Does he say, “Ok, here’s the deal. You put in three years of blood, sweat and tears, and I’ll make sure you get a good position in my administration.” You don't know what you are asking. Very soon the Roman soldiers would bow down before Jesus, not in worship but in mockery. They dress will dress him in a fine robe of purple, not in honour but for a sadistic show. They will place a mock scepter in his hand, and then they will beat him with it. They will not sit him on a jeweled throne of high honour; rather he will be hung, on a cross, in shame. Not wearing a golden crown, but one of thorns.
Jesus is trying to explain that life in His kingdom is different. In the world, the greatest have servants. In his kingdom, they are the servants. Jesus knows our human frailty where we can so easily be concerned about our own little kingdoms, our own little thrones. Where we want to be our own masters, set our own rules, re-defining sin as what someone else does wrong, and not what we do wrong..
Sadly, much of our world is ruled by people who lord their authority over others. But imagine a world where people use their authority to serve like Jesus. Imagine what it would be like if everyone who attended Church was eager to serve their neighbour. And what if that service was self-forgetful, where we didn’t keep track, of how well we were doing in our serving others?
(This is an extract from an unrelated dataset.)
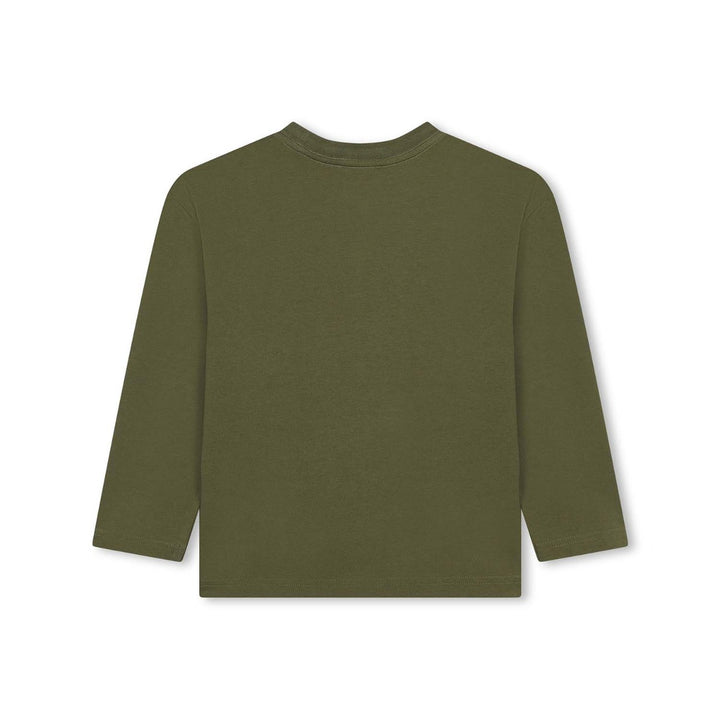 Green T-shirt for boys and girls by MARC JACOBS, made in soft organic cotton jersey. Casual and comfortable, this cool top has raw edges on the seams and a black smudged logo on the front for a statement designer finish.
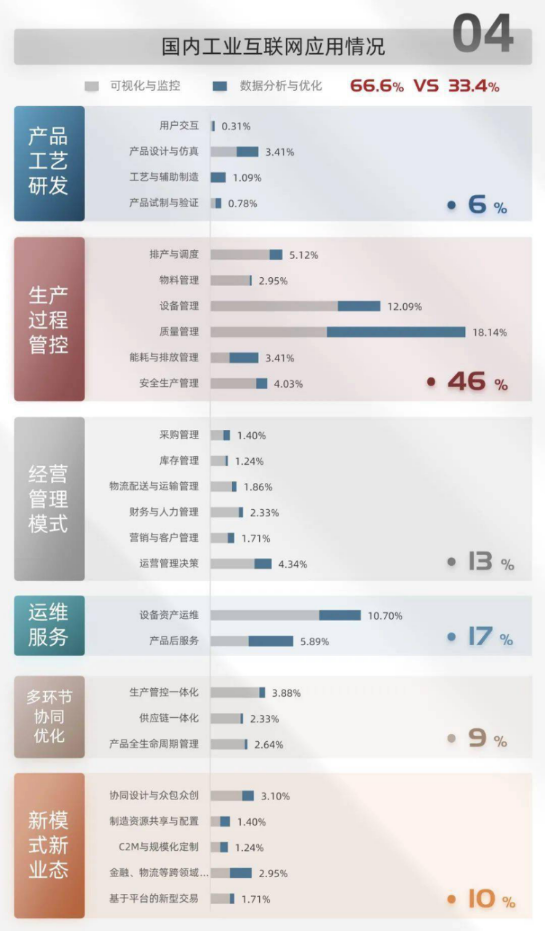 根据中国信通院统计数据显示,在1000多个工业互联网应用案例中,工业互联网技术更多地被应用于生产过程管控和运维服务环节,占比分别达46%和17%,质量管理、能耗排放管理等传统领域由于优化价值大、切入门槛低,故增速亮眼。

Imagine if we brought this attitude into our jobs and our families and our neighborhoods? That is the Kingdom we pray for week after week as we say the Lord’s prayer, ‘Thy kingdom come here on earth’, then there will be a community of people who are soaked in the love of God, active in loving and serving each other.
When Toyohiko Kagawa, who lived in Japan, met Christianity he was captured by its call to serve. He prayed, 'O God, make me like Christ.' To become like Christ he went to live in the slums of Tokyo to care for others. He chose to live in a shed that was about two meters square. On the very first night he was asked to share his room and bed with a man with a contagious skin disease, which caused terrible itching, the first test of his aim to serve. He welcomed the poor man. Then a beggar asked for his shirt and he gave it. The next day the beggar came back for Kagawa's coat and trousers. He gave them and was left wearing a ragged kimono. At first the slum dwellers laughed at him but they soon came to admire him. Kagawa wrote:
God dwells in the lowliest of men. He sits on the dust heap among the prison convicts. He stands with the juvenile delinquents. He is there with the beggars. He is among the sick; he stands with the unemployed. Therefore let him who would meet God visit the prison cell before going to the temple. Before he goes to church let him visit the hospital. Before he reads the Bible let him visit the beggar.
We need a revolution – not a stand against authority but a willingness to serve and to be served, if this was how every Christian lived we would take the world by storm, it would be overwhelmed by love.
And so we pray, bring on the revolution – and may it start here with us - Thy Kingdom come on earth as it is in heaven.